**RECORDS:**
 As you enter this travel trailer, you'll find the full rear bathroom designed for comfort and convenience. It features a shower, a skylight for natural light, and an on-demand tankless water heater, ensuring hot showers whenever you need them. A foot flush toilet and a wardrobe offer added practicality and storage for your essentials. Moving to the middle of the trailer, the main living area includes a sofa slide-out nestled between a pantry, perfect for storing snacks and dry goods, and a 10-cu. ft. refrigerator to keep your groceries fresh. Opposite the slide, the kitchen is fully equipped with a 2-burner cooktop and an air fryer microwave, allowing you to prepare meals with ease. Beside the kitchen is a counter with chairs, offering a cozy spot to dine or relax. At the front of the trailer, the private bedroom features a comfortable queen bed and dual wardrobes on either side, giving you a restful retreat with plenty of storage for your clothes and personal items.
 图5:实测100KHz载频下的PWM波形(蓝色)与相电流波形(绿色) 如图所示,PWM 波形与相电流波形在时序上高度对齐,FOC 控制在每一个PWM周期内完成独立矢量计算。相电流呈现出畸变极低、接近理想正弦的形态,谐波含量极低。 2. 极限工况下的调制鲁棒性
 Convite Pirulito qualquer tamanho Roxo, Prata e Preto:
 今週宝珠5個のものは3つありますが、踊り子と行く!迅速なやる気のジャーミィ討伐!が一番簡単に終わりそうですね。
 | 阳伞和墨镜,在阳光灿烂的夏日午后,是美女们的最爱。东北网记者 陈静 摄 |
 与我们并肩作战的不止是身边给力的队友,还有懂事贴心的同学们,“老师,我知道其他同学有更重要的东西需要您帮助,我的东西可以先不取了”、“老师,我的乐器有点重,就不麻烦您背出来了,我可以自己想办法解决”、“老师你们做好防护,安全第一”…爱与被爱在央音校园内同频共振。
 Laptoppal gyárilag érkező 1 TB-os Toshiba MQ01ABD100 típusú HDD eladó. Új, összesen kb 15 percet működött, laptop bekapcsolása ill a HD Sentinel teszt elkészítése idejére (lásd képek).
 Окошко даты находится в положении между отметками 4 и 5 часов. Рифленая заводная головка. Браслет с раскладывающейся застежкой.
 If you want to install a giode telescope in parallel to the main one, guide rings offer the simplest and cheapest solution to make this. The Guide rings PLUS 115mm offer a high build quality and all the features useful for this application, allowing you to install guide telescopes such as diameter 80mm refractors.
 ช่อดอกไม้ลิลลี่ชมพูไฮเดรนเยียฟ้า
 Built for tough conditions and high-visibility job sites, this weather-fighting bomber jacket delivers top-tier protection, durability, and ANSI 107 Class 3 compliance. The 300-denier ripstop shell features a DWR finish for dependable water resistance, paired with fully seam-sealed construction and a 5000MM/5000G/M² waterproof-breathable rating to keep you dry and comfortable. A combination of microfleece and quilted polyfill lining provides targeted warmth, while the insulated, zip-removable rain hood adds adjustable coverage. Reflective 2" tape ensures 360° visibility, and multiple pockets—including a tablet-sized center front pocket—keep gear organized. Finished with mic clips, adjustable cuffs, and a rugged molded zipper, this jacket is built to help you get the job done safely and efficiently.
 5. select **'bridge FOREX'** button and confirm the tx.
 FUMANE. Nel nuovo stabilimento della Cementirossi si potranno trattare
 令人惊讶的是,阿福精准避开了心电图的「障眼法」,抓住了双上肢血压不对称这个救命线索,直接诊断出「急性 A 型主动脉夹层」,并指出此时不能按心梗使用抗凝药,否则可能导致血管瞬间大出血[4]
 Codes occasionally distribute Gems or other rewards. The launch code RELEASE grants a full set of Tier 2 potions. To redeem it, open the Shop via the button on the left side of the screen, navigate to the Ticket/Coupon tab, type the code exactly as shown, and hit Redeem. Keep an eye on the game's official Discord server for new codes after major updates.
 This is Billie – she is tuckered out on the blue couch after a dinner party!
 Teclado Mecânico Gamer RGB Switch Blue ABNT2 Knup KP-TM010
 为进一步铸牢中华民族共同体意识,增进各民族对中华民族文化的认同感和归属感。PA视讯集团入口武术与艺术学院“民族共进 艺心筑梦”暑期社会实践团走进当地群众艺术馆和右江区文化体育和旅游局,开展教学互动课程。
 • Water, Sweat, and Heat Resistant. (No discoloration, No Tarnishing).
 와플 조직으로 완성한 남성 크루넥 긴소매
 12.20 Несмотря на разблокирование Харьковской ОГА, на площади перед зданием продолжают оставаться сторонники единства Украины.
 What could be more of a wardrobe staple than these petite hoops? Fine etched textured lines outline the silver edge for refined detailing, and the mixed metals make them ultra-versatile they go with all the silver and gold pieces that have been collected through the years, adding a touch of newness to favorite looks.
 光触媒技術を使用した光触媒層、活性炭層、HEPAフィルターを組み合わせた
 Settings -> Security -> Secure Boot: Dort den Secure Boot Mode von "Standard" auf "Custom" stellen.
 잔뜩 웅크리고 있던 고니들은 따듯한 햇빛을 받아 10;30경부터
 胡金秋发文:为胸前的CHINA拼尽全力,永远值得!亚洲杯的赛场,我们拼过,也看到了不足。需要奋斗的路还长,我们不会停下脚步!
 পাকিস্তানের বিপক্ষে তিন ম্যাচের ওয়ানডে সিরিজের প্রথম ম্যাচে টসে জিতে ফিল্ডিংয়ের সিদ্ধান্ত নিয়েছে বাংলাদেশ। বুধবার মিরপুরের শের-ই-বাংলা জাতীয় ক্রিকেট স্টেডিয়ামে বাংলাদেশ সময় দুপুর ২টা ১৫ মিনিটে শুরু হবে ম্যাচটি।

**WHAT THE TASK ASKS:** Your reply needs to reproduce all of the listing exactly.

**ANSWER AREA:**
 As you enter this travel trailer, you'll find the full rear bathroom designed for comfort and convenience. It features a shower, a skylight for natural light, and an on-demand tankless water heater, ensuring hot showers whenever you need them. A foot flush toilet and a wardrobe offer added practicality and storage for your essentials. Moving to the middle of the trailer, the main living area includes a sofa slide-out nestled between a pantry, perfect for storing snacks and dry goods, and a 10-cu. ft. refrigerator to keep your groceries fresh. Opposite the slide, the kitchen is fully equipped with a 2-burner cooktop and an air fryer microwave, allowing you to prepare meals with ease. Beside the kitchen is a counter with chairs, offering a cozy spot to dine or relax. At the front of the trailer, the private bedroom features a comfortable queen bed and dual wardrobes on either side, giving you a restful retreat with plenty of storage for your clothes and personal items.
 图5:实测100KHz载频下的PWM波形(蓝色)与相电流波形(绿色) 如图所示,PWM 波形与相电流波形在时序上高度对齐,FOC 控制在每一个PWM周期内完成独立矢量计算。相电流呈现出畸变极低、接近理想正弦的形态,谐波含量极低。 2. 极限工况下的调制鲁棒性
 Convite Pirulito qualquer tamanho Roxo, Prata e Preto:
 今週宝珠5個のものは3つありますが、踊り子と行く!迅速なやる気のジャーミィ討伐!が一番簡単に終わりそうですね。
 | 阳伞和墨镜,在阳光灿烂的夏日午后,是美女们的最爱。东北网记者 陈静 摄 |
 与我们并肩作战的不止是身边给力的队友,还有懂事贴心的同学们,“老师,我知道其他同学有更重要的东西需要您帮助,我的东西可以先不取了”、“老师,我的乐器有点重,就不麻烦您背出来了,我可以自己想办法解决”、“老师你们做好防护,安全第一”…爱与被爱在央音校园内同频共振。
 Laptoppal gyárilag érkező 1 TB-os Toshiba MQ01ABD100 típusú HDD eladó. Új, összesen kb 15 percet működött, laptop bekapcsolása ill a HD Sentinel teszt elkészítése idejére (lásd képek).
 Окошко даты находится в положении между отметками 4 и 5 часов. Рифленая заводная головка. Браслет с раскладывающейся застежкой.
 If you want to install a giode telescope in parallel to the main one, guide rings offer the simplest and cheapest solution to make this. The Guide rings PLUS 115mm offer a high build quality and all the features useful for this application, allowing you to install guide telescopes such as diameter 80mm refractors.
 ช่อดอกไม้ลิลลี่ชมพูไฮเดรนเยียฟ้า
 Built for tough conditions and high-visibility job sites, this weather-fighting bomber jacket delivers top-tier protection, durability, and ANSI 107 Class 3 compliance. The 300-denier ripstop shell features a DWR finish for dependable water resistance, paired with fully seam-sealed construction and a 5000MM/5000G/M² waterproof-breathable rating to keep you dry and comfortable. A combination of microfleece and quilted polyfill lining provides targeted warmth, while the insulated, zip-removable rain hood adds adjustable coverage. Reflective 2" tape ensures 360° visibility, and multiple pockets—including a tablet-sized center front pocket—keep gear organized. Finished with mic clips, adjustable cuffs, and a rugged molded zipper, this jacket is built to help you get the job done safely and efficiently.
 5. select **'bridge FOREX'** button and confirm the tx.
 FUMANE. Nel nuovo stabilimento della Cementirossi si potranno trattare
 令人惊讶的是,阿福精准避开了心电图的「障眼法」,抓住了双上肢血压不对称这个救命线索,直接诊断出「急性 A 型主动脉夹层」,并指出此时不能按心梗使用抗凝药,否则可能导致血管瞬间大出血[4]
 Codes occasionally distribute Gems or other rewards. The launch code RELEASE grants a full set of Tier 2 potions. To redeem it, open the Shop via the button on the left side of the screen, navigate to the Ticket/Coupon tab, type the code exactly as shown, and hit Redeem. Keep an eye on the game's official Discord server for new codes after major updates.
 This is Billie – she is tuckered out on the blue couch after a dinner party!
 Teclado Mecânico Gamer RGB Switch Blue ABNT2 Knup KP-TM010
 为进一步铸牢中华民族共同体意识,增进各民族对中华民族文化的认同感和归属感。PA视讯集团入口武术与艺术学院“民族共进 艺心筑梦”暑期社会实践团走进当地群众艺术馆和右江区文化体育和旅游局,开展教学互动课程。
 • Water, Sweat, and Heat Resistant. (No discoloration, No Tarnishing).
 와플 조직으로 완성한 남성 크루넥 긴소매
 12.20 Несмотря на разблокирование Харьковской ОГА, на площади перед зданием продолжают оставаться сторонники единства Украины.
 What could be more of a wardrobe staple than these petite hoops? Fine etched textured lines outline the silver edge for refined detailing, and the mixed metals make them ultra-versatile they go with all the silver and gold pieces that have been collected through the years, adding a touch of newness to favorite looks.
 光触媒技術を使用した光触媒層、活性炭層、HEPAフィルターを組み合わせた
 Settings -> Security -> Secure Boot: Dort den Secure Boot Mode von "Standard" auf "Custom" stellen.
 잔뜩 웅크리고 있던 고니들은 따듯한 햇빛을 받아 10;30경부터
 胡金秋发文:为胸前的CHINA拼尽全力,永远值得!亚洲杯的赛场,我们拼过,也看到了不足。需要奋斗的路还长,我们不会停下脚步!
 পাকিস্তানের বিপক্ষে তিন ম্যাচের ওয়ানডে সিরিজের প্রথম ম্যাচে টসে জিতে ফিল্ডিংয়ের সিদ্ধান্ত নিয়েছে বাংলাদেশ। বুধবার মিরপুরের শের-ই-বাংলা জাতীয় ক্রিকেট স্টেডিয়ামে বাংলাদেশ সময় দুপুর ২টা ১৫ মিনিটে শুরু হবে ম্যাচটি।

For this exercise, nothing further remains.